- [Source data]

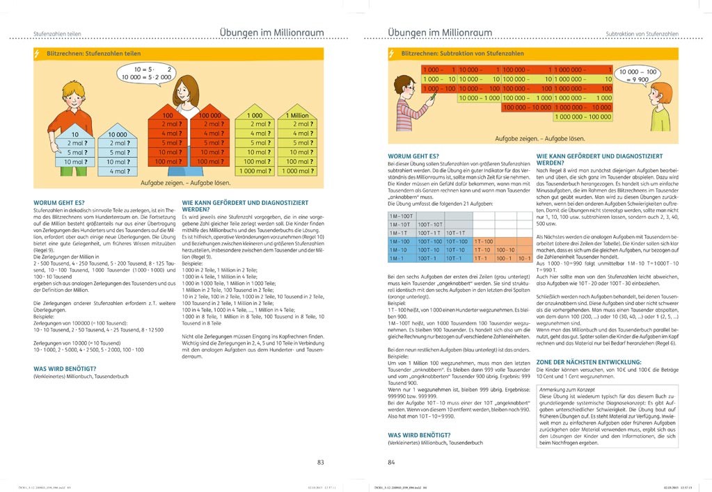 Der Blitzrechenkurs besteht aus je 10 Übungen für den Zwanziger-, Hunderter-, Tausender- und Millionraum, die innerhalb jedes Raums und quer über die Räume systematisch aufeinander aufbauen. Wegen dieses Aufbaus ist der Blitzrechenkurs ein natürlicher Leitfaden für Fördern und Diagnose: Jede Übung verweist auf Übungen, die ihr vorangehen, und Übungen, die ihr nachfolgen.
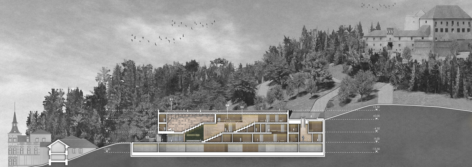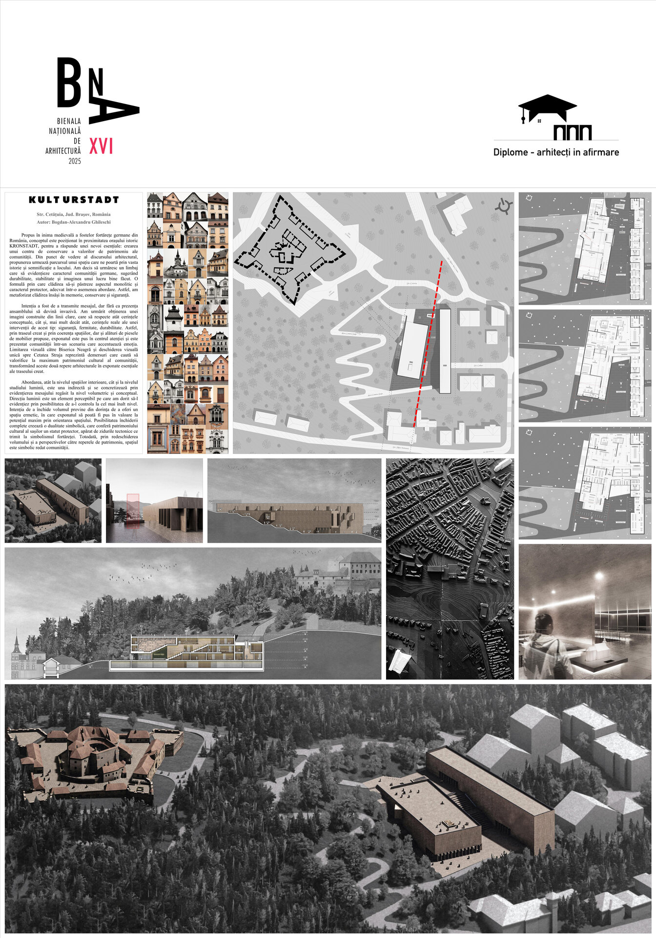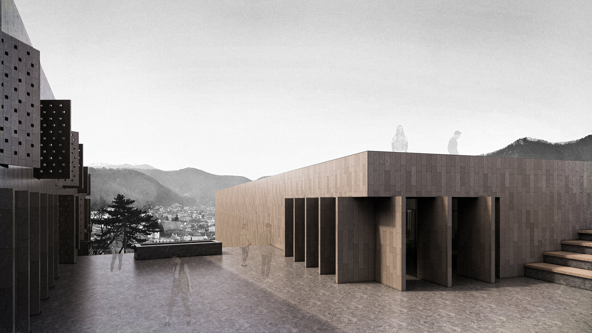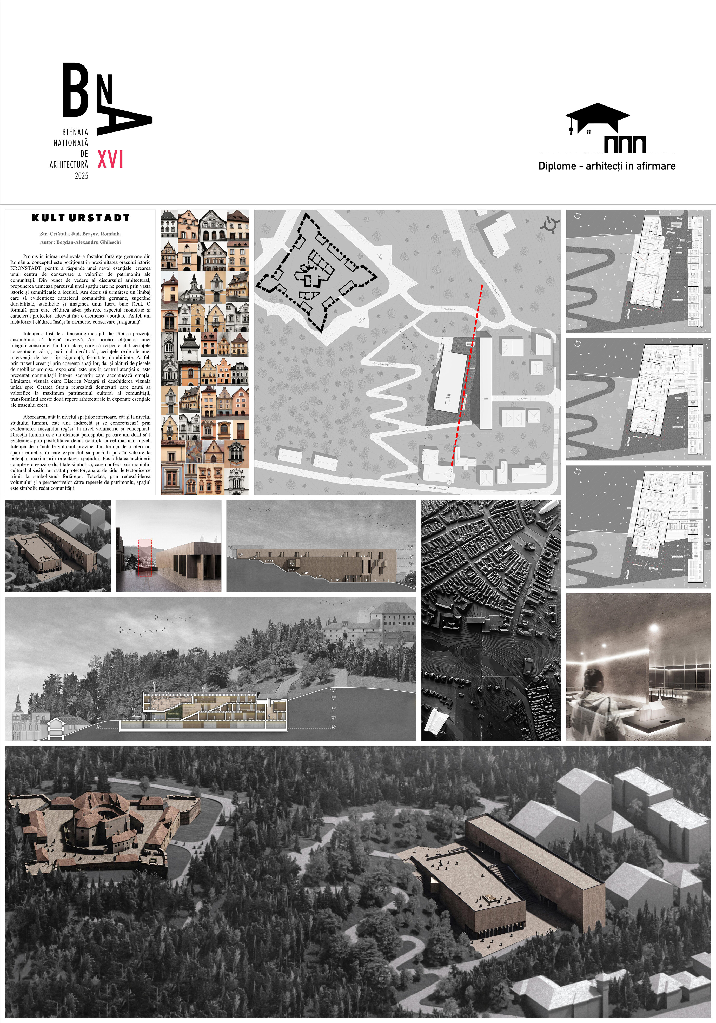 Propus în inima medievală a fostelor fortărețe germane din România, conceptul este poziționat în proximitatea orașului istoric KRONSTADT, pentru a răspunde unei nevoi esențiale: crearea unui centru de conservare a valorilor de patrimoniu ale comunității. Din punct de vedere al discursului arhitectural, propunerea urmează parcursul unui spațiu care ne poartă prin vasta istorie și semnificație a locului. Am decis să urmăresc un limbaj care să evidențieze caracterul comunității germane, sugerând durabilitate, stabilitate și imaginea unui lucru bine făcut. O formulă prin care clădirea să-și păstreze aspectul monolitic și caracterul protector, adecvat într-o asemenea abordare. Astfel, am metaforizat clădirea însăși în memorie, conservare și siguranță.
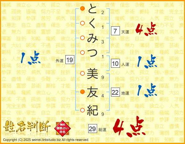 と(2画)く(1画)み(3画)つ(1画) 美(9画)友(4画)紀(9画)
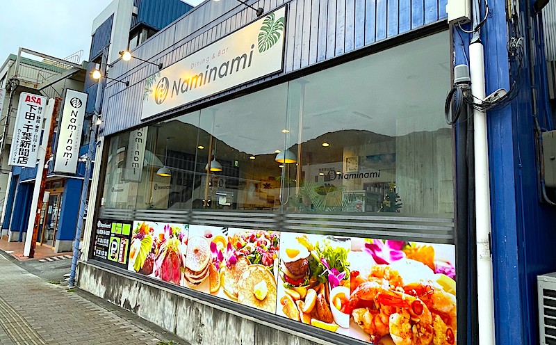 下田海中水族館に行く途中に「Naminami」というお店に行きました! 外装も内装もハワイアンなおしゃれな雰囲気のお店です。各テーブルにハワイに関する雑誌や本が置いてあって、私もハワイに行きたくなりました。
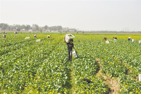 10月30日,商水县大武乡金陆蔬菜种植合作社菜农在采摘今年第二茬菜心。今年秋季,该合作社种植菜心近2000亩,长势良好,首茬2万多公斤菜心发往深圳、香港后,市场反映很好,深受市民喜爱,价格也高于往年。记者 付永奇 摄
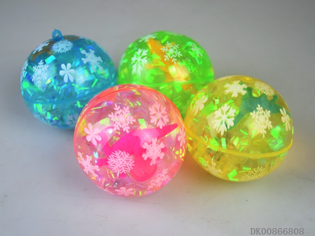 Tpu7.5cm snowflake spherical dinosaur flash elastic ball 12pcs/box
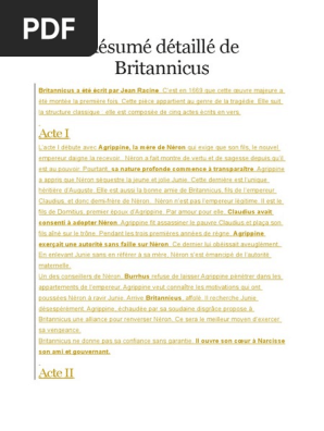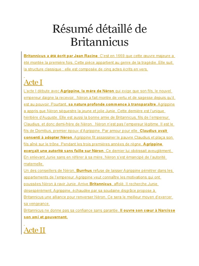 Cette mre ambitieuse et affame de pouvoir a rsolu de marier Junie Britannicus fils de lempereur Claude son. 455 3 avis Description du rsum sur Britannicus Jean Racine Ce document propose un rsum clair et dtaill de Britannicus de Racine dont voici un extrait. Britannicus est la premire tragdie historique romaine de Racine inspire de Tacite.
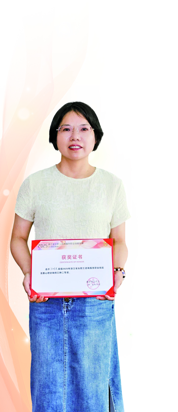 今年6月,在“浙江省女职工婚姻服务职业技能竞赛”中,张瑞英作为金华市代表队成员,以优异成绩荣获二等奖,并被认定为“浙江金蓝领”。
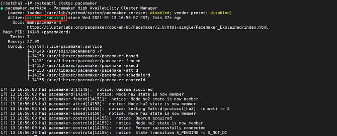 shellsystemctl status pacemakerThe service is started successfully if the following information is displayed:
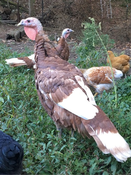 Non pumpkin related. This is my Bourbon Red Turkey. His name is Butterball. His girlfriend Honeysuckle is right behind him as well as a couple of our chickens. No we do not plan on eating them. They are our pets.

- [Exercise details] Word for word, write out the lines from the top of the records above down to the line holding "下田海中水族館に行く途中に「", inclusive, but not the pictures.

- [Exercise result]
 Der Blitzrechenkurs besteht aus je 10 Übungen für den Zwanziger-, Hunderter-, Tausender- und Millionraum, die innerhalb jedes Raums und quer über die Räume systematisch aufeinander aufbauen. Wegen dieses Aufbaus ist der Blitzrechenkurs ein natürlicher Leitfaden für Fördern und Diagnose: Jede Übung verweist auf Übungen, die ihr vorangehen, und Übungen, die ihr nachfolgen.
 Propus în inima medievală a fostelor fortărețe germane din România, conceptul este poziționat în proximitatea orașului istoric KRONSTADT, pentru a răspunde unei nevoi esențiale: crearea unui centru de conservare a valorilor de patrimoniu ale comunității. Din punct de vedere al discursului arhitectural, propunerea urmează parcursul unui spațiu care ne poartă prin vasta istorie și semnificație a locului. Am decis să urmăresc un limbaj care să evidențieze caracterul comunității germane, sugerând durabilitate, stabilitate și imaginea unui lucru bine făcut. O formulă prin care clădirea să-și păstreze aspectul monolitic și caracterul protector, adecvat într-o asemenea abordare. Astfel, am metaforizat clădirea însăși în memorie, conservare și siguranță.
 と(2画)く(1画)み(3画)つ(1画) 美(9画)友(4画)紀(9画)
 下田海中水族館に行く途中に「Naminami」というお店に行きました! 外装も内装もハワイアンなおしゃれな雰囲気のお店です。各テーブルにハワイに関する雑誌や本が置いてあって、私もハワイに行きたくなりました。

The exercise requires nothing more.